The South Island Organ Company is a manufacturer of pipe organs in Timaru, New Zealand. The company, in business since 1968, has manufactured and restored over 300 pipe organs throughout New Zealand, Australia and Oceania.
South Island Organ Company was established by Garth Cattle (from Osmond of Taunton) and Vic Hackworthy (from Hill Norman & Beard of London).
During the 1970s employed John Gray, of Hill Norman & Beard, London as voicer, John Hargraves, of John Lee, Feilding as an organ builder and Neil Stocker as an apprentice.
The new Company made an immediate impact with the rebuilding of St Johns, Invercargill (1931 3/37 HN&B/Lewis), the restoration of All Saints (1877 2/18 Bevington) and the rebuilding of St Matthew's (1879 3/26 Bevington) Dunedin and Christchurch Cathedral Nelson organs in the first two years. These soon led to our first new organ at Craighead School (2/15), Timaru in 1970 and in 1973 the first 4 manual organ built in New Zealand for many years at St Paul's Cathedral, Dunedin (4/61 Willis). In the same year organbuilder Gerald Green (of Hill Norman & Beard, Lewes) joined the company.
By 1973 South Island Organ Company purchased both existing South Island sole-trader organ builders and built a new factory at Washdyke. In 1974, South Island Organ Company extended to the North Island of New Zealand. The first North Island installation being a new organ for Our Lady of Lourdes in Palmerston North (2/3 rank extension).

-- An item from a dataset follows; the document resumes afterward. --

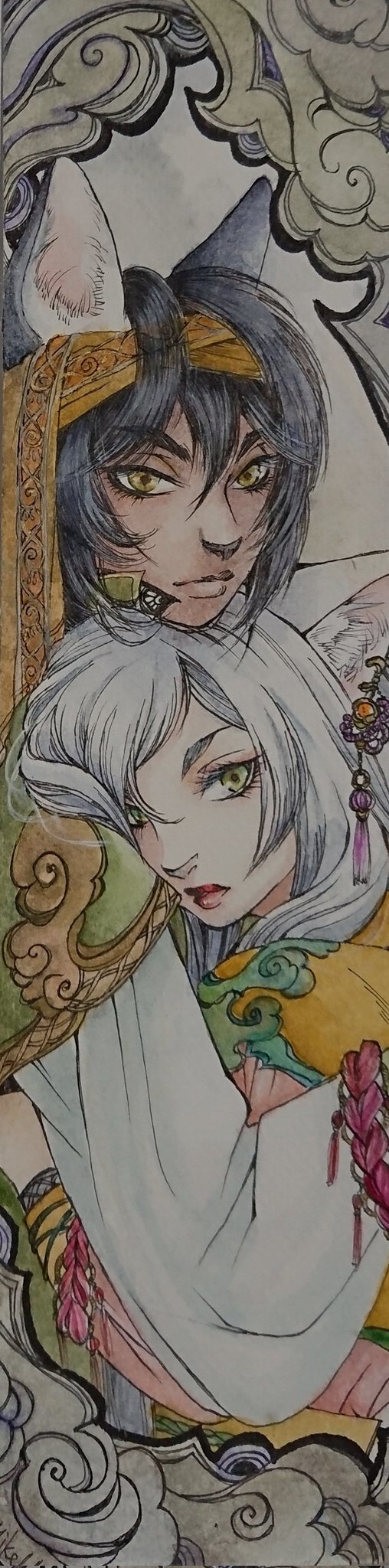 完成!!(*ノ゚Д゚)八(゚Д゚*)ノィェーィ!獣耳兄妹! #水彩画 #イラスト #猫耳

In the mid 1970s, in addition to building new pipe organs and rebuilding old instruments, South Island Organ Company began promoting conservation and preservation of New Zealand historic organs. This developed from a growing realization of the fragility of the resource in a largely unregulated market, and a conviction that the future of the organ was as a work of original artistry and craftsmanship.